My Story To Tell
In January 2009, Brittany Hunsaker and Willa Johnson, of the Appalachian Media Institute, and I began a project together in Letcher County, Kentucky. Our initial idea was to promote dialogue and creativity among young people, partially in response to media portrayals of Eastern Kentuckians that perpetuated outsiders' "hillbilly" stereotypes. Brittany and Willa worked with students in local schools to make photographs about "success," “home” and “respect.”
From these pictures, we made 500 5”x7” postcards and passed them out to people in our community: youth groups, local businesses, church groups, senior citizens, friends and family. We asked them to write a story for us. We were amazed to read the complicated, beautiful, often intimate stories people wanted to share in response to our simple request.
In May, we transformed the abandoned old Post Office in Whitesburg into a temporary art space. In front of the PO boxes, we hung photographs. At the table where customers had previously opened their mail, we left blank postcards for exhibit-goers to fill out. Visitors were invited into the mail-sorting space, where we hung more photographs and works by local artists. We placed the filled-out postcards in the empty PO boxes for visitors to read. Willa used her mother’s decorations to set a dinner table in the middle of the space. At suppertime, we served a traditional Appalachian meal: soupbeans, corn bread and banana pudding.

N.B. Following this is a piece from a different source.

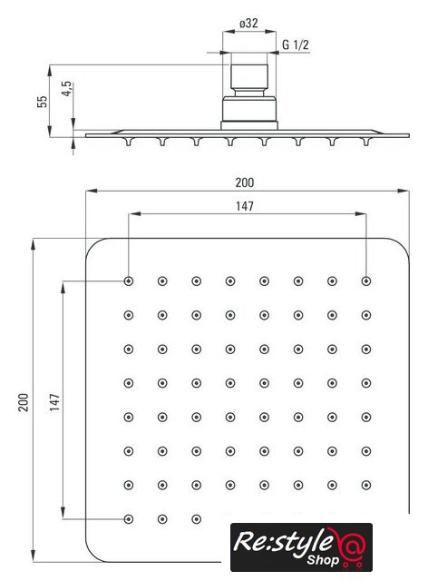 | Диаметр (ширина) верхнего душа | 200 мм |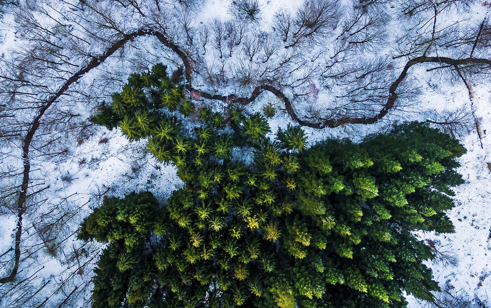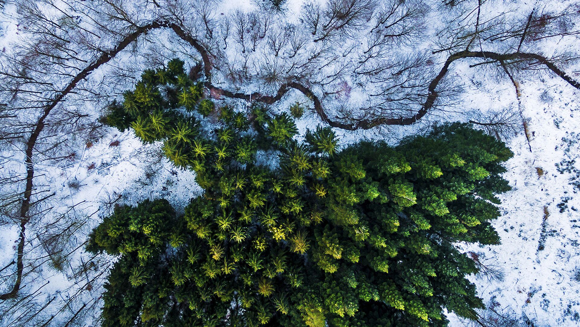 İHA'dan çekilen ve yarışmayı kazanan fotoğrafta Danimarka'daki bir ormanda çam ağaçları görülüyor.

Afterwards, we documented our process in a book that shows how things like soupbeans, letters, and art-making, things that can happen anywhere, in any community, can bring people together in meaningful ways. After the exhibit, we sent out these postcards to people around the county, the country and the world. We like to imagine someone going to their mailbox in Harlan or Lexington or California or Jakarta and finding a picture and a story from Letcher County.